Caste in Contemporary Nepal: Hierarchy and Equality
Since the fall of royalty in May 2008, Nepal has theoretically become a republican state made up of equal citizens. Nepali society is still based on caste (and ethnicity) but the ideological context has changed considerably. The egalitarians values, which have been operative for some decades, and the new political environment have gradually caused a shift. Today, the caste system is rejected by a large number of people and of religious movements, even among Hindus. This rejection is perhaps of a more radical nature than in India, where it still plays an important role in public discourse. This paper addresses these paradigmatic changes and their impact on caste reality throughout the country. First of all, it focuses on the changes in terminology (if any), in the meaning of the word jati, which is still used in the official contemporary Nepali vocabulary. Then it explores the two main related processes that are at work in this field: ethnicisation and substantialization of caste. In response to the ethnic politics advocated by adivasi/janajati groups, the politicization of caste groups has thus intensified significantly in recent years.

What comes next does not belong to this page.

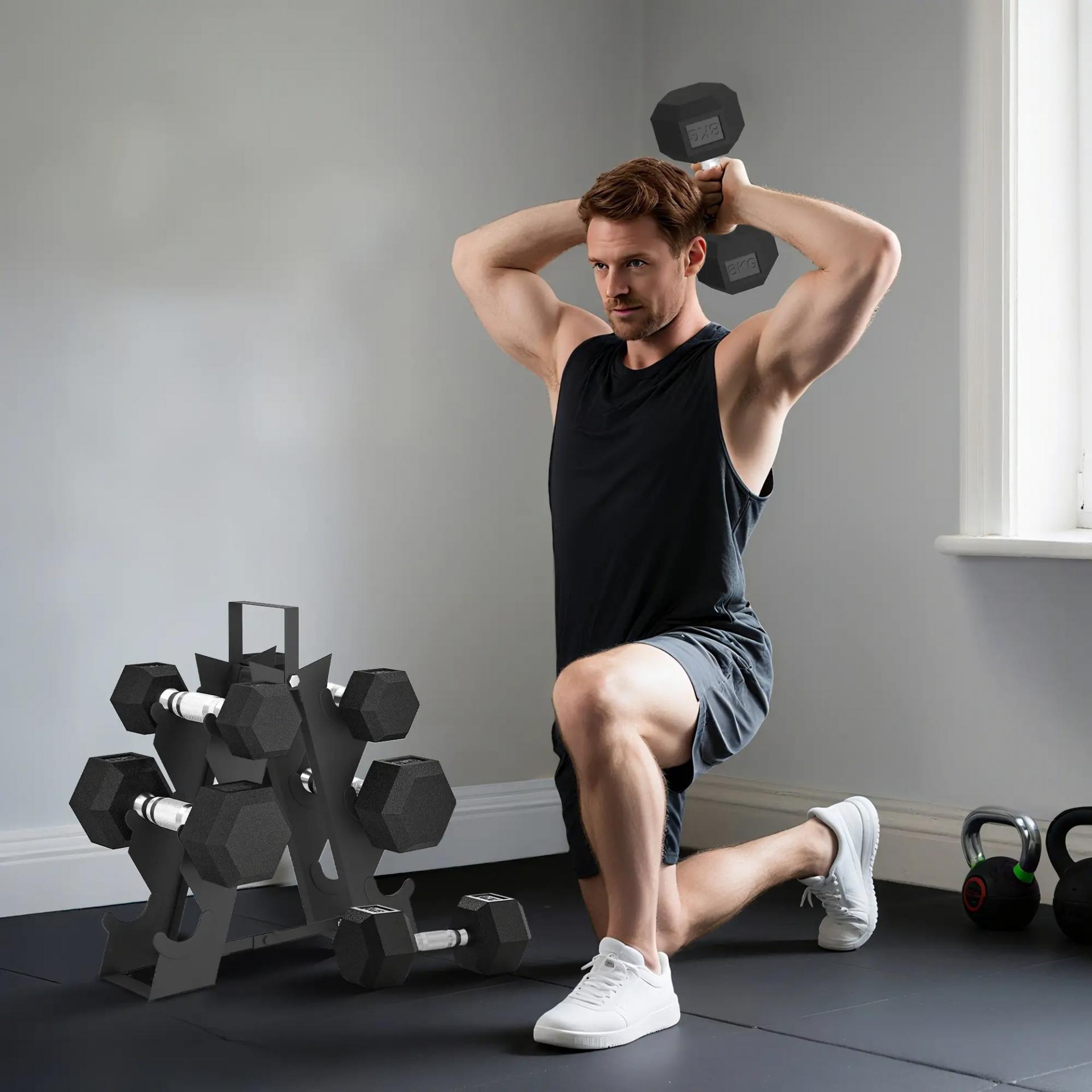 - - ORDEN Y AHORRO DE ESPACIO: Incluye un soporte vertical compacto que mantiene el kit de mancuernas organizado y fuera del suelo. Ideal para mantener tu zona de entrenamiento limpia y accesible

The main argument is that, as a global system of social relations, the caste system is slowly dying out. Yet castes have retained their strength in the form of independent, competitive, and self-centred groups, seeking to defend their own identity and interests. Caste consciousness and pride in belonging to such or such high caste are up to the present day key ideological elements. Furthermore, in spite of the increasing number of inter-caste marriages, there is still a tendency to marry within one’s own caste in a large number of communities. Last but not least, it is worth noting that caste transformations are not uniform in Nepal. Although there has been a noticeable relaxation of restrictions on inter-caste dining in urban areas, the old rules of commensality strictly apply in rural areas. Some examples will be taken from various parts of the country, and in particular from the Kathmandu Valley.